Role specific policies

Backend developers and SREs are all expected to be on the in-hours and on-call rota, unless their head of community agrees that they have reason to opt out.

Frontend developers are expected to be on the in-hours rota, unless their head of community agrees that they have reason to opt out. They are not expected to be on the on-call rota. Junior technologists and technologist apprentices are also expected to take part in the in-hours rota and not the on-call rota.

A junior technologist can be a secondary, but won’t be a primary.

There is no expectation for technologist apprentices to do technical on-call shifts, but if they are confident, they can (at their Line Manager’s discretion) go through the process to get Production Admin access, at which point they can request to be added to the secondary role (in-hours).

Shift swaps, working patterns and sickness

If you need to swap your shift, it’s your responsibility to ensure that adequate cover is in place.

  • If you need cover for a day or two, arrange a swap for those days with another developer.

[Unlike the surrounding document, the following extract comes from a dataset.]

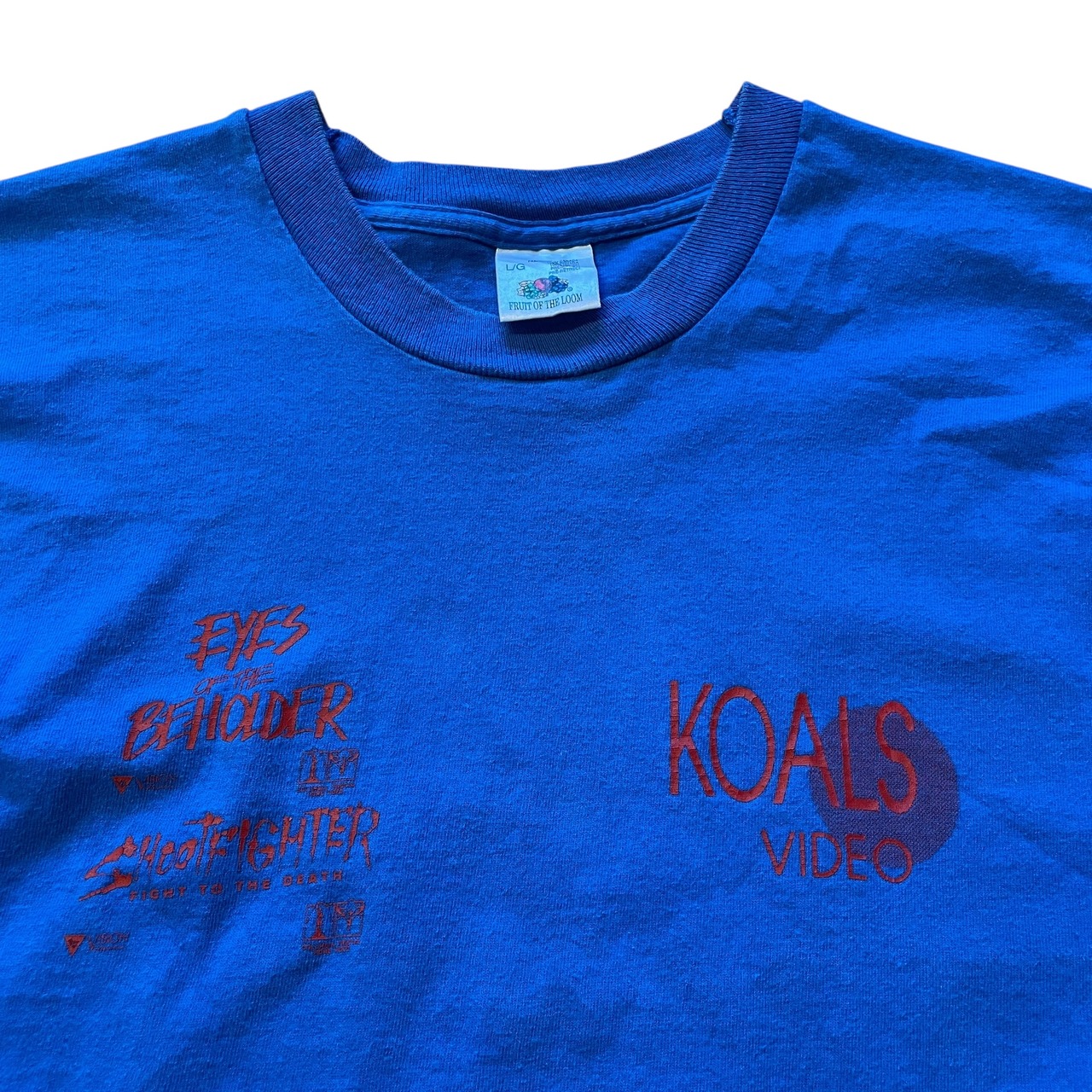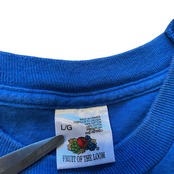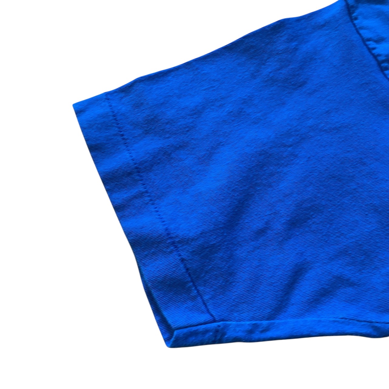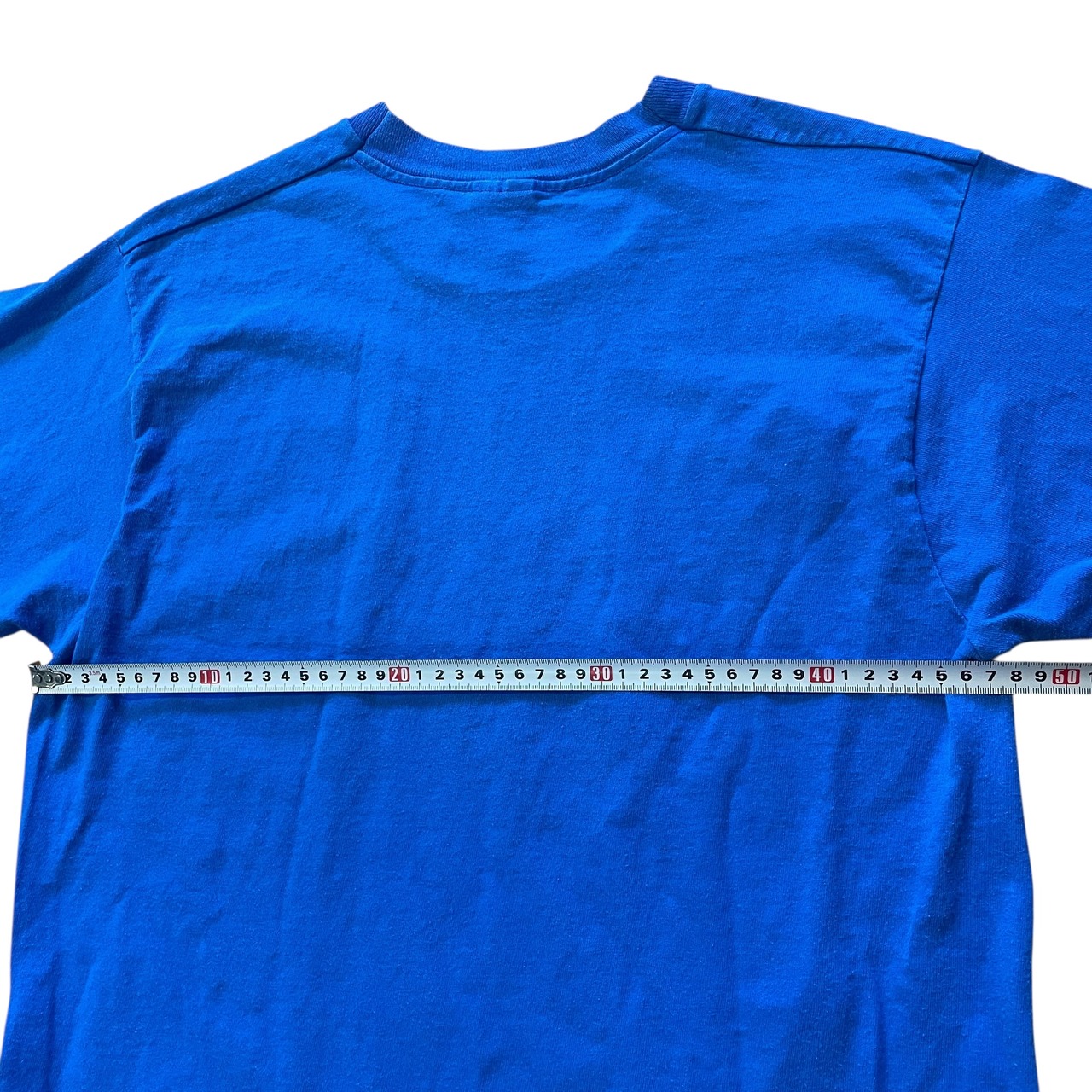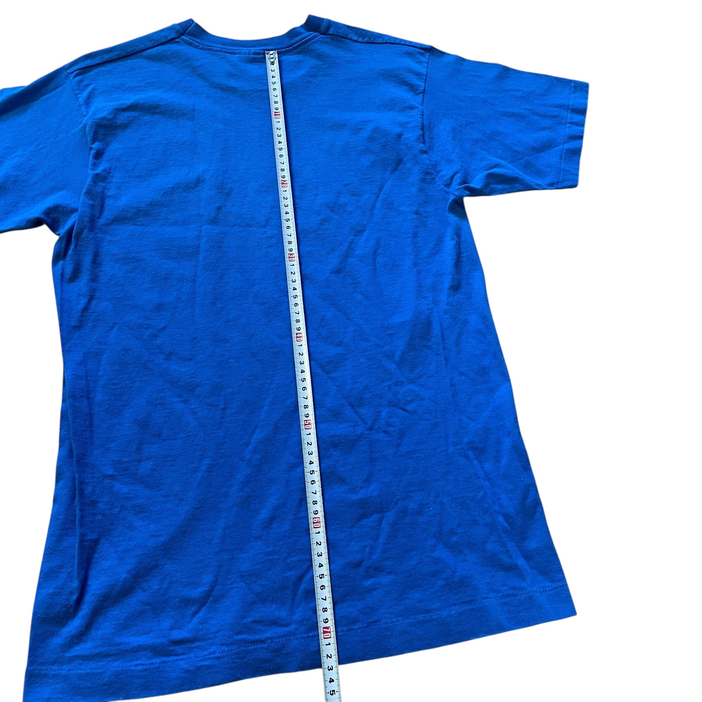 鮮やかなブルーに映えるレッドの刺繍ロゴが魅力のヴィンテージTシャツ。

Please ensure delivery managers are aware of this.
  • If you need a whole shift swap, arrange this with another developer from your team.

For either of the above, let the Technical On-Call delivery manager know, so that they can update the schedule on PagerDuty.

If you cannot make your shift because you’re ill, message the delivery manager and #govuk-technical-on-call Slack channel.

If your working patterns are not compatible with a 9.30am-5.30pm shift, let the Technical On-Call team know so they can find extra support.

If you do not work a 5-day week, please talk to your delivery manager to arrange cover with another developer on your team.

Away days and all-staff events

Before attending an all-staff event, team away-day or any other event that could keep you away from your laptop for long periods at a time: try to swap your shift with someone who is not attending (see above).

Otherwise, attending such events is allowed provided you are able to regularly check Slack (e.g. on an hourly basis) and are prepared to drop what you’re doing and work on anything urgent that comes in. You must also be contactable by phone so that you can quickly respond to PagerDuty alerts.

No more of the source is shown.